• [Your goal]: Exact reproduction of the data is required, with images excluded.

• [Source material]:
--

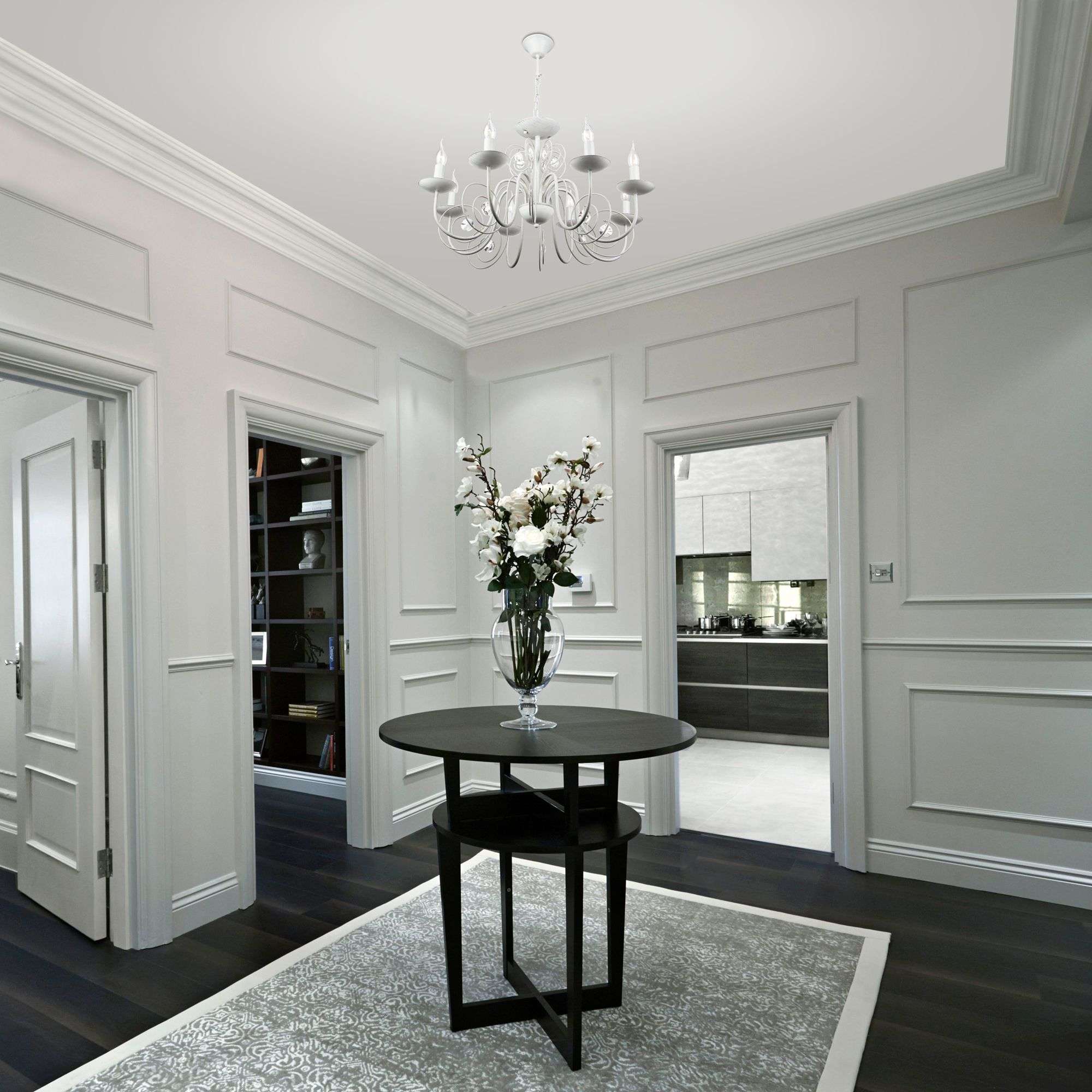 Классическая люстра с хрусталем на 8 рожков в цвете белый с золотом преобразит потолочное пространство и создаст в вашем помещении комфортное полноценное освещение на площади 38 м кв. Изящные формы и классический стиль добавят вашей гостиной утонченного аристократизма.
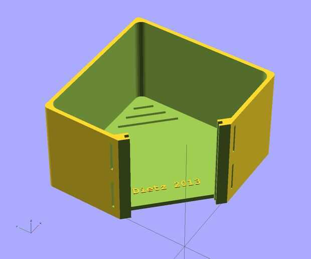 Se utilizó el PLA (ácido poliláctico, un poliéster hecho de materiales renovables) de estas piezas. PLA tiene muchas propiedades muy grandes y debe ser absolutamente conveniente para esta aplicación. Sin embargo, PLA empieza a ablandar en una temperatura bastante baja, y la exposición prolongada a temperaturas superiores a los 140º F, como estar dentro de un coche al sol en un caliente día de verano, puede causar partes a combarse. Las rejillas de ventilación en la espalda y el cuerpo, que son en ángulo para evitar lluvia, deben ayudar a mantener las temperaturas internas moderadas, al igual que la pintura con que te cubrimos el exterior. Las paredes de la solo-cáscara y relleno del 5% del cuerpo también proporcionan una buena rotura de puente térmico para que incluso si una parte consigue lo suficientemente caliente como para sag, el apoyo de la estructura detrás no--por lo menos que es la teoría. Otros plásticos que tienen mayor tolerancia a la temperatura podrían haber sido usados, especialmente ABS o Nylon, pero los materiales son en ninguna parte cerca tan respetuosos como PLA... por lo que para nosotros la elección parecía muy clara.
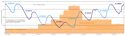 | Water levels as a percentage of total dam capacity by year.[23] | |||||||||

--

• [Result]:
 Классическая люстра с хрусталем на 8 рожков в цвете белый с золотом преобразит потолочное пространство и создаст в вашем помещении комфортное полноценное освещение на площади 38 м кв. Изящные формы и классический стиль добавят вашей гостиной утонченного аристократизма.
 Se utilizó el PLA (ácido poliláctico, un poliéster hecho de materiales renovables) de estas piezas. PLA tiene muchas propiedades muy grandes y debe ser absolutamente conveniente para esta aplicación. Sin embargo, PLA empieza a ablandar en una temperatura bastante baja, y la exposición prolongada a temperaturas superiores a los 140º F, como estar dentro de un coche al sol en un caliente día de verano, puede causar partes a combarse. Las rejillas de ventilación en la espalda y el cuerpo, que son en ángulo para evitar lluvia, deben ayudar a mantener las temperaturas internas moderadas, al igual que la pintura con que te cubrimos el exterior. Las paredes de la solo-cáscara y relleno del 5% del cuerpo también proporcionan una buena rotura de puente térmico para que incluso si una parte consigue lo suficientemente caliente como para sag, el apoyo de la estructura detrás no--por lo menos que es la teoría. Otros plásticos que tienen mayor tolerancia a la temperatura podrían haber sido usados, especialmente ABS o Nylon, pero los materiales son en ninguna parte cerca tan respetuosos como PLA... por lo que para nosotros la elección parecía muy clara.
 | Water levels as a percentage of total dam capacity by year.[23] | |||||||||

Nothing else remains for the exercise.